▶ **TASK DIRECTIONS**
Return, word for word, the lines of the listing below from the one with "こちらのパスタソルトギフトセ" through the one with "Set Diversificare, AppeKids, 100", and no other lines.

▶ **SUPPLIED DATA**
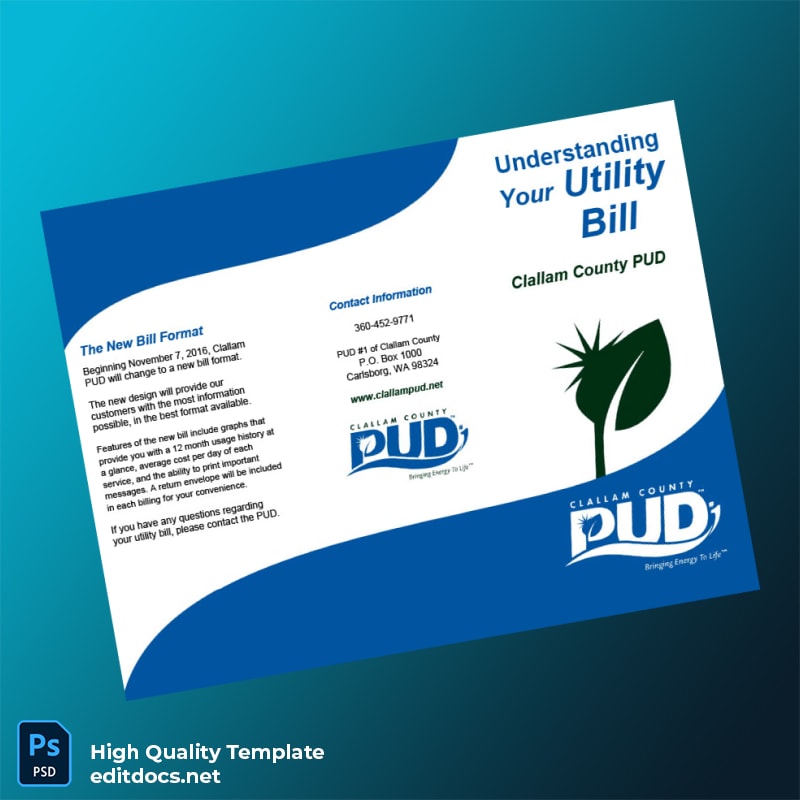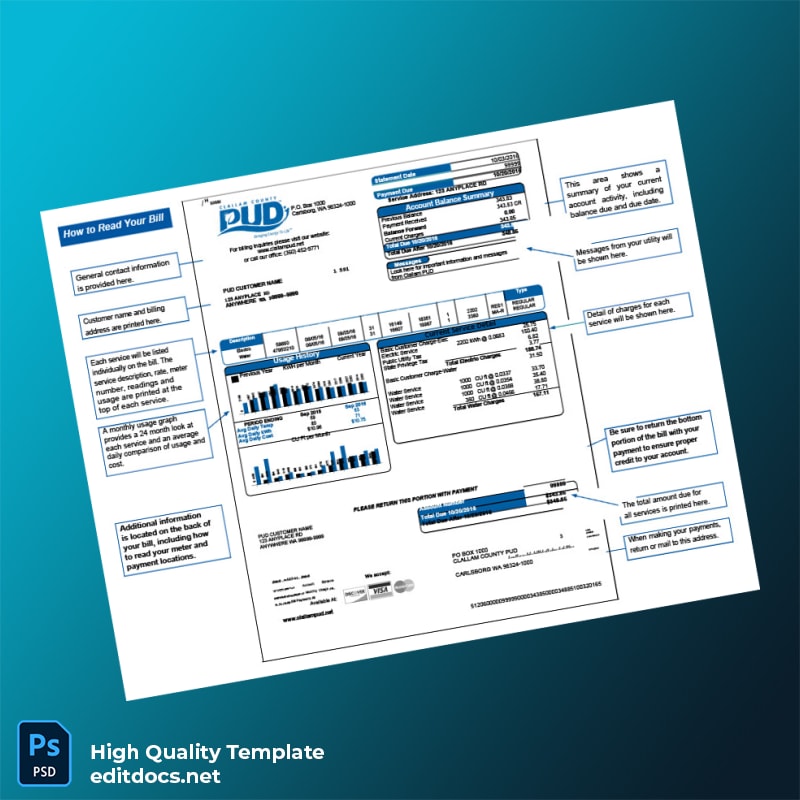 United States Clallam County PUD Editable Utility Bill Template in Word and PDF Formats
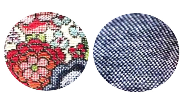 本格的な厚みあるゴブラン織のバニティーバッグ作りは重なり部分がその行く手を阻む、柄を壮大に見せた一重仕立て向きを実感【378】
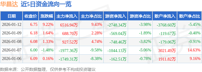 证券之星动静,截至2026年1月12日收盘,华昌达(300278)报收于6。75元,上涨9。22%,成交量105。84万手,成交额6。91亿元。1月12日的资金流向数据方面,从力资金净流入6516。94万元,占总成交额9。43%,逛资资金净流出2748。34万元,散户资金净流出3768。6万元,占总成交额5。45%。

---

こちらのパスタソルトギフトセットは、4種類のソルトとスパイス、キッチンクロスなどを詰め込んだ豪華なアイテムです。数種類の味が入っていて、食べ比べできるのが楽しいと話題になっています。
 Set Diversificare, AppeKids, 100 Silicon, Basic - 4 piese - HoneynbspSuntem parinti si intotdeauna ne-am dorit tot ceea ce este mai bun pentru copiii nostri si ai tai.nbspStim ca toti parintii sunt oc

▶ **RESPONSE BOX**
こちらのパスタソルトギフトセットは、4種類のソルトとスパイス、キッチンクロスなどを詰め込んだ豪華なアイテムです。数種類の味が入っていて、食べ比べできるのが楽しいと話題になっています。
 Set Diversificare, AppeKids, 100 Silicon, Basic - 4 piese - HoneynbspSuntem parinti si intotdeauna ne-am dorit tot ceea ce este mai bun pentru copiii nostri si ai tai.nbspStim ca toti parintii sunt oc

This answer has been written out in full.